To read my writing online, feel free to return to the site home page and browse Scita > Scienda journal.

8. Allfather (historical fantasy)

The king of the survivors of Troy must save his people from new round of genocide.

 

Heremod woke suddenly, having fallen asleep on his feet. A stringy red tendril flopped in his eyes, and he jerked back. His arm twitched, but the manacles binding his wrists overhead prevented him from brushing the ruddy threads aside. It was only his own hair, but it looked far too much like a macerated ribbon of flesh left by a whip’s strike or the slash of a knife.

Right. It’s supposed to be this way, this time. Patience.

 

First in a planned 3-book plus 2-spinoff series drawn from northern European myth and legend. This one’s the project that told me how much I love historical fantasy.

7. Sunny Winters and the Country Life (contemporary comedy)

A self-absorbed hospitality expert sets out to conquer rural life.

Mother had always called him “the Englishman.” This had seemed absurd to Sunflower Winters when she was small, because he was obviously Arabic. The first few years, she used to practice closing her eyes and listening to his perfect British diction.
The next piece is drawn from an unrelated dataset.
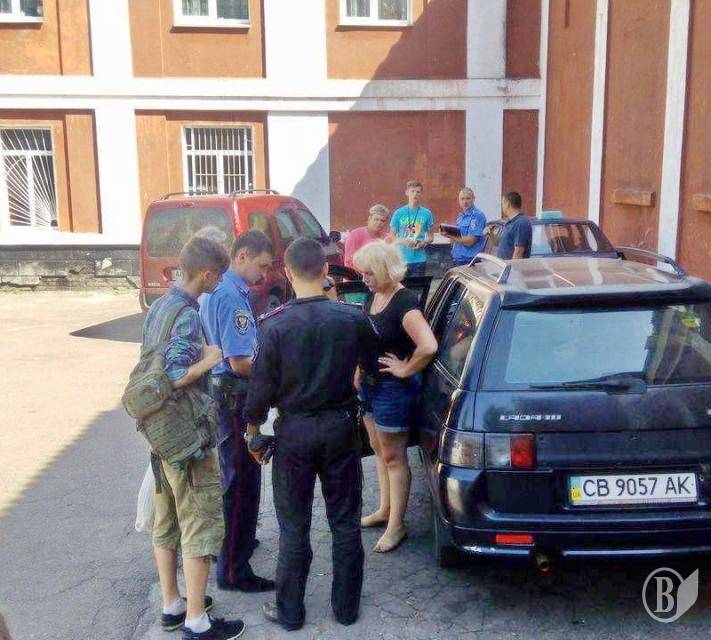 Отметим, что в машине закрылось трое людей. В то же время, женщина, которая была четвертой в этой группе, дает объяснения представителям полиции.
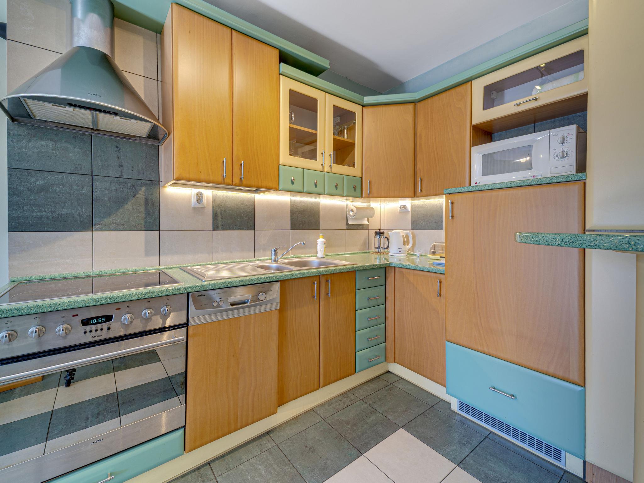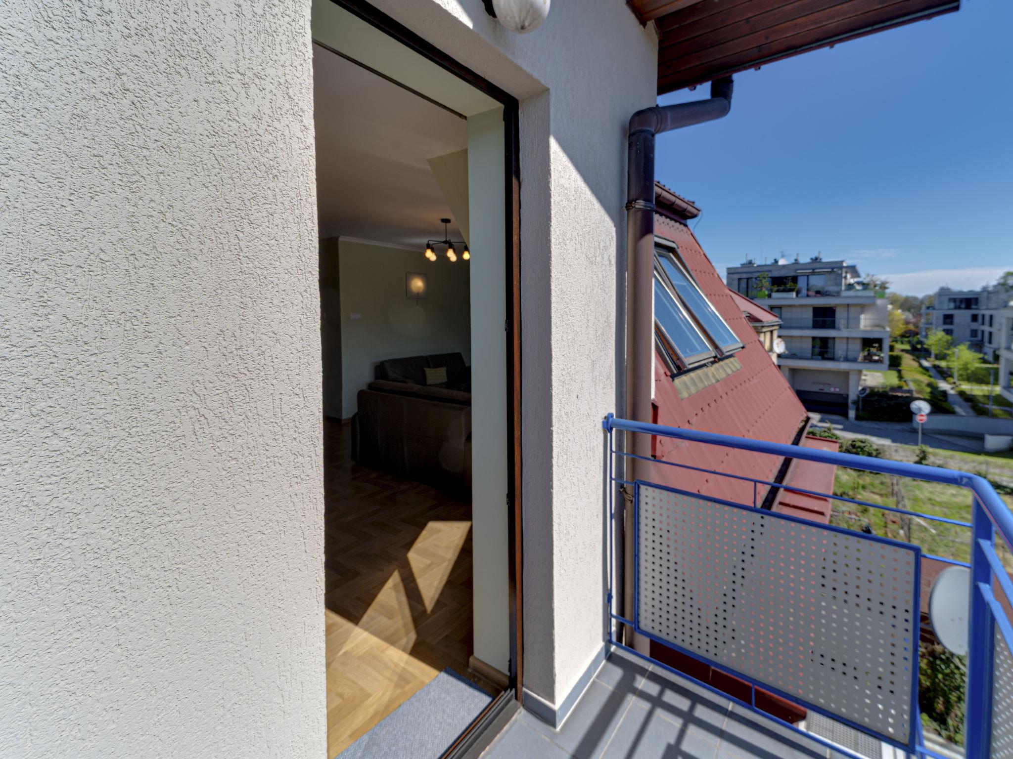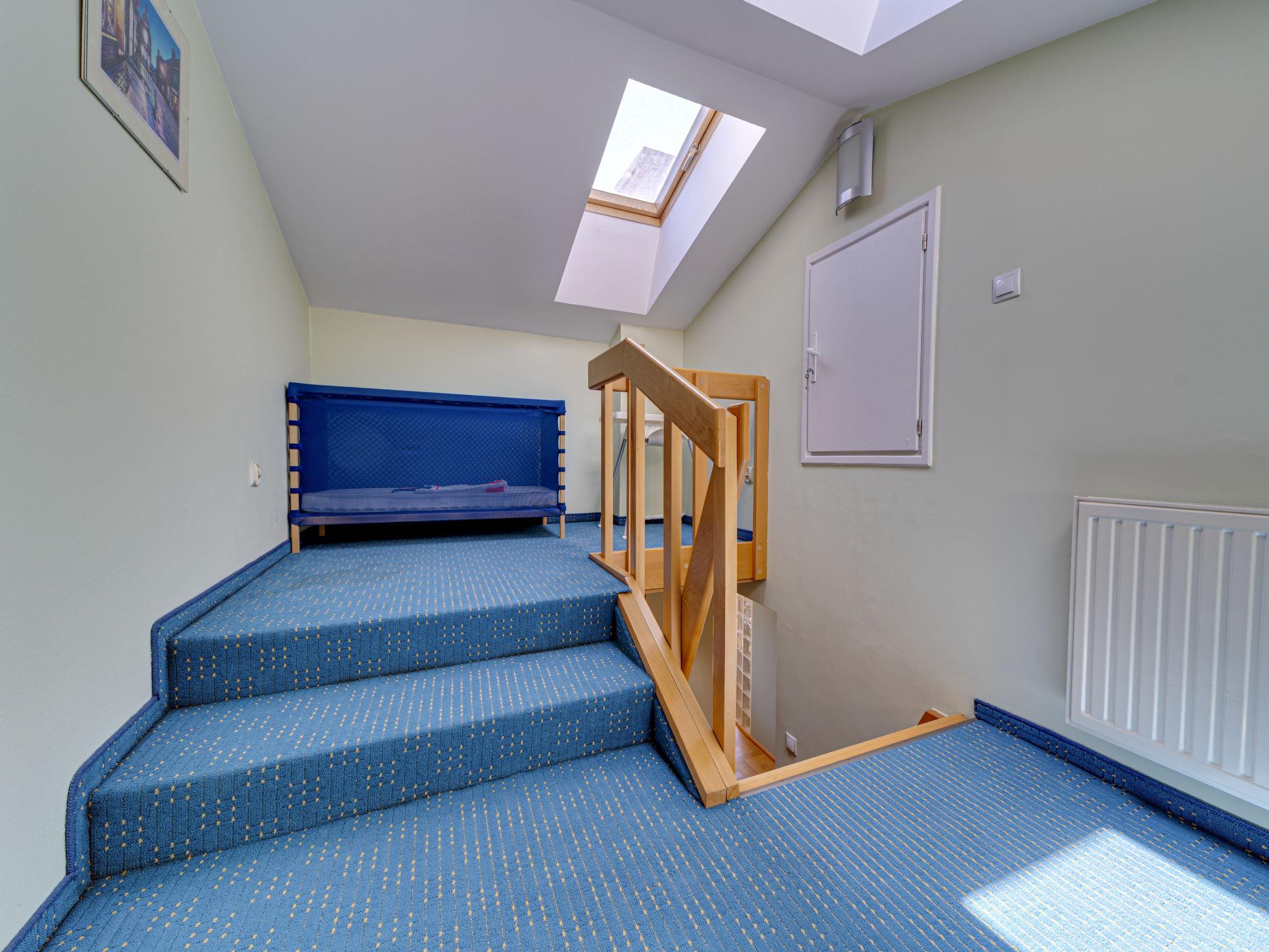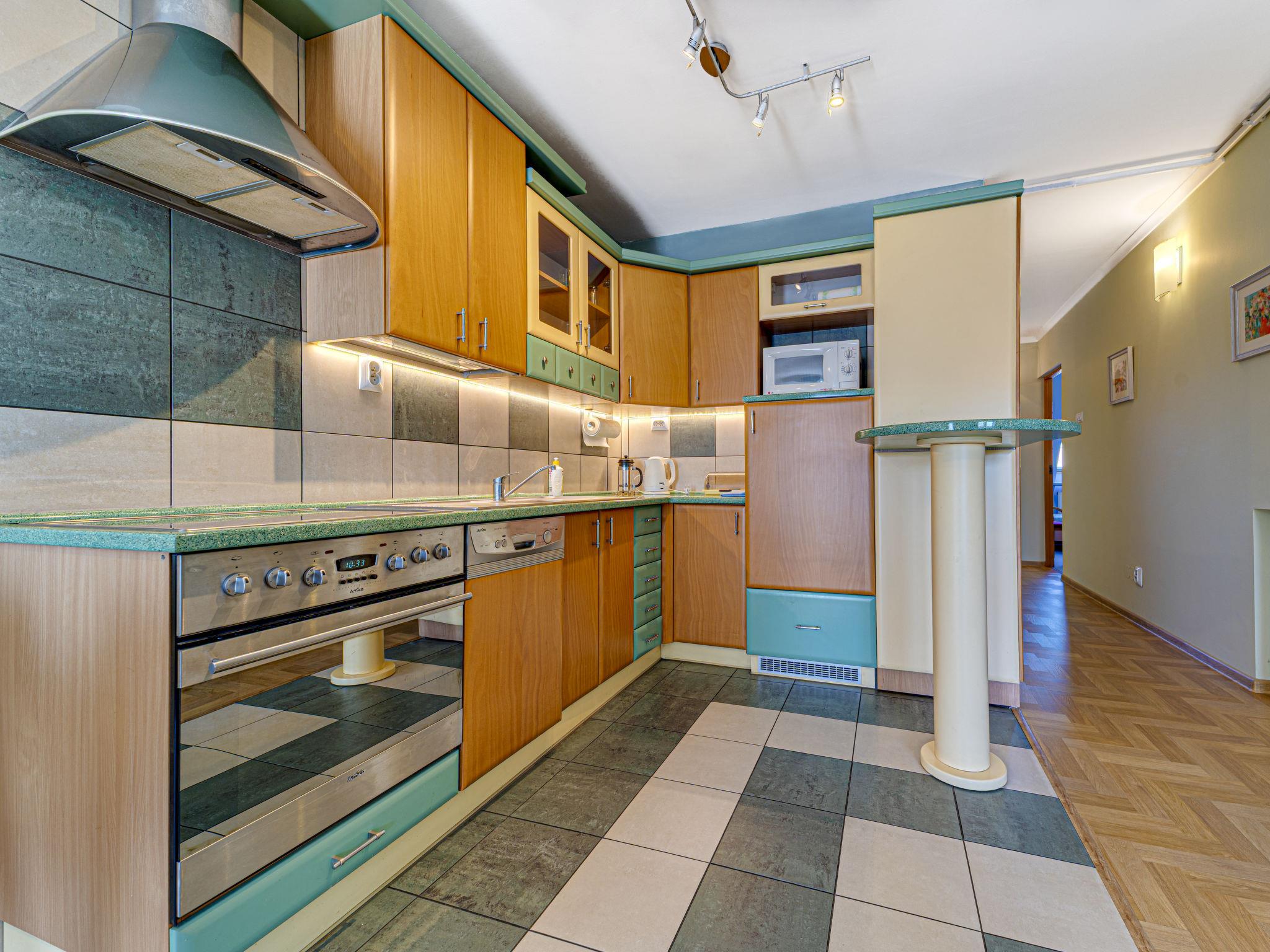 3-room apartment 70 m2, on the top floor. Practical and beautiful furnishings: open living room with 2 double sofabeds (140 cm), TV, radio, CD-player, hi-fi system and DVD. Exit to the balcony. 1 small room 9 m2, with sloping ceilings with 1 double bed (140 cm, length 200 cm). 1 small room 8 m2, with sloping ceilings with 2 beds (80 cm, length 200 cm). Open kitchen (oven, dishwasher, 4 ceramic glass hob hotplates, microwave) with bar. Bath/WC. Balcony. Facilities: children's high chair, baby cot for up to 2 year olds, hair dryer. Internet (WiFi). Please note: TV only PL. Smoke alarm. 52031321214

Every April for eighteen years, he had come to the Winters’ Peach Bed and Breakfast to see spring dawn on the Okanagan.

Unfortunately, shortly after 9/11, that Texan woman had started showing up as well.

An unfinished contemporary comedy with a fictionalized Manitoba small-town setting. Pays tribute to all the best of the hilarious rural stories we’ve ever heard or invented. Donkeys in the mist!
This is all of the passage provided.